In general a community energy project requires a minimum of 10 members. In March 2017, the commission allowed a waiver for a minimum ten member requirement for community distributed generation projects that are located on the site of a property serving multiple residential or non-residential customers. The group may include a single individual subscriber that has demand greater than 25kW, who will be limited to 40% of the total facility’s output. Other subscribers will be limited to individual demand less than 25kW, and their total energy use must aggregate to at least 60% of the facility’s output. The maximum size of the community energy system is limited to 2 MW. Any single entity, including facility developer, ESCO, municipal entity, business, non-profit, LLC, partnership, or other form of business or civic association can be the sponsor of the community energy facility. The sponsor will be responsible for building and operating the facility.
Implementation of the program is divided into two phases. First phase of the program will last till April 30, 2016, during which the community net metering will serve as an introductory phase. During this period, the projects will be limited to siting distributed generation in areas where it provides greatest locational benefits to the larger grid, and in areas that promote low-income customer participation. The second phase will begin in May 1st 2016 when the community net metering projects will fully implemented throughout the other utility service territories.
New York Generation Attribute Tracking System (NYGATS) tracks the attributes of electricity generated in or imported into the State and eligible to create and certify Renewable Energy Credits (REC). 1 REC represents the environmental attributes of 1 MWh of electricity generated through a qualifying renewable energy source. REC can be traded as commodities to demonstrate compliance to the State’s Tier I Renewable Energy Standard requirement or retired voluntarily to claim the environmental attribute of renewable energy generation.
Under previous net metering and Renewable Portfolio Standard (RPS) policy, the issue of RECs generated by net metering customers was not addressed as New York did not have a standard REC market. The current Clean Energy Standard in New York includes a Renewable Energy Standard (RES) that requires the utilities comply with the requirements via purchase or RECs or through compliance payment.
Behind the meter projects that were previously eligible to bid into Renewable Portfolio Standard (RPS) Main Tier solicitations will not be eligible to bid into Tier 1 solicitation by NYSERDA (exemptions apply). No behind the meter projects will be eligible to bid into Tier 1 solicitation conducted by NYSERDA. The RECs from these projects will be provided to the system owners for voluntary retirement, they cannot be traded or exchanged.

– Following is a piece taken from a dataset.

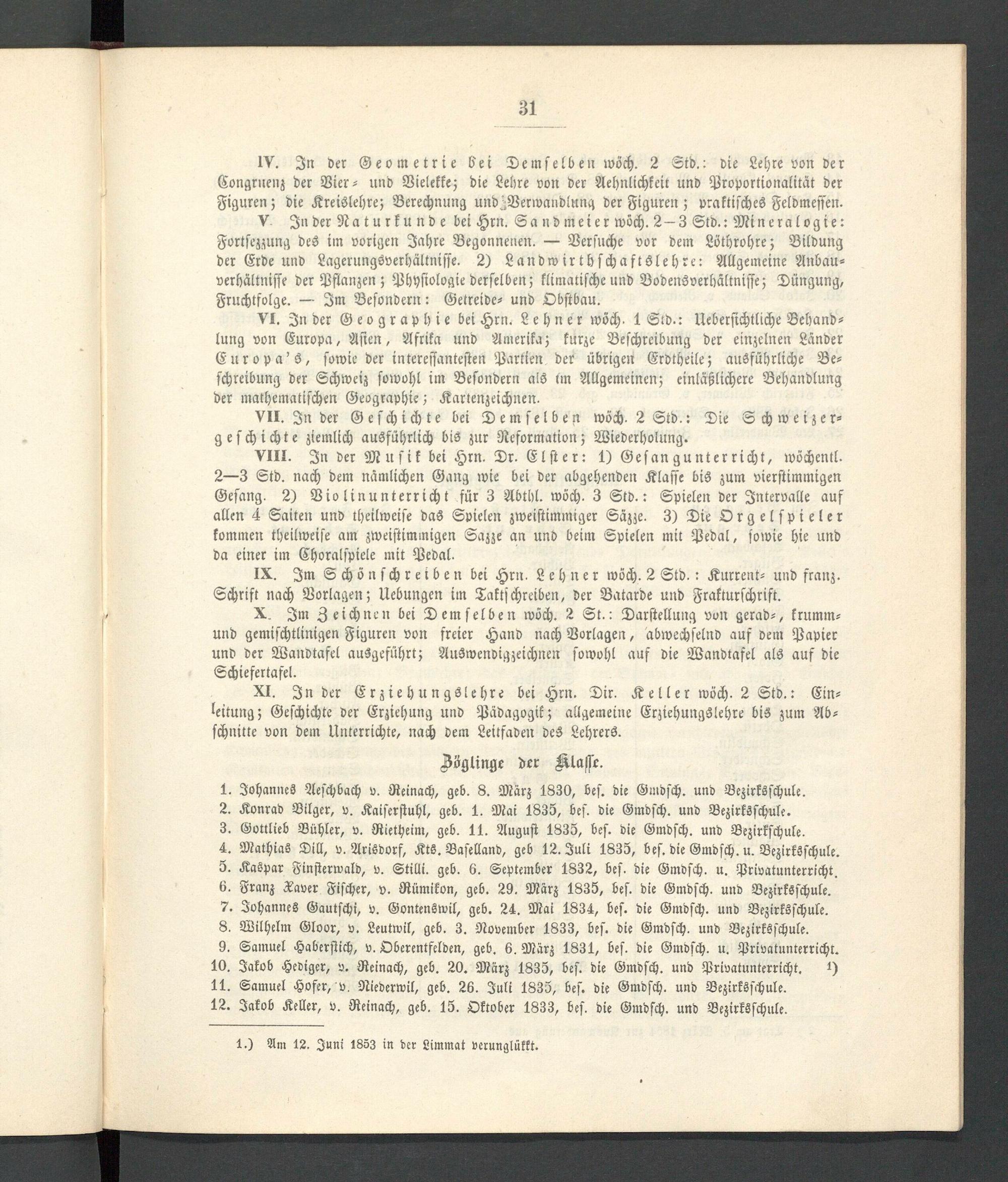 Programm des Aargauischen Lehrerseminars in Wettingen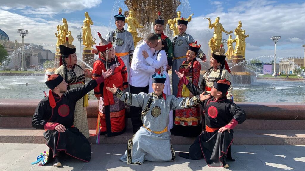 Вчера Александр Агбаан и Солангы Тамдын соединили свои сердца на Главной сцене ВДНХ. Пара приняла участие в зрелищном шествии в сопровождении артистов, музыкантов и аниматоров.

These RECs will not be eligible for compliance for Tier 1 RES requirement, however they will be counted towards overall Statewide 50% by 2030 renewable resource goal.
DER project enrolled in the Phase One NEM including on-site mass market, small wind projects, RNM, and on-site large projects will be ineligible to bid into RES Tier 1 solicitation and will not count towards the utility’s compliance mandate, it will instead be retired on customer’s account. RECs from Community Distributed Generation projects will be counted by default towards the Utility’s Tier 1 obligation unless the customer choose to opt out.
All the RECs from the customers interconnected on the Value Stack tariff will be transferred by default to the utility for compliance for Tier I for exchange of environmental value component. The customer may choose to retain the RECs however and forgo the credit from environmental value on the tariff.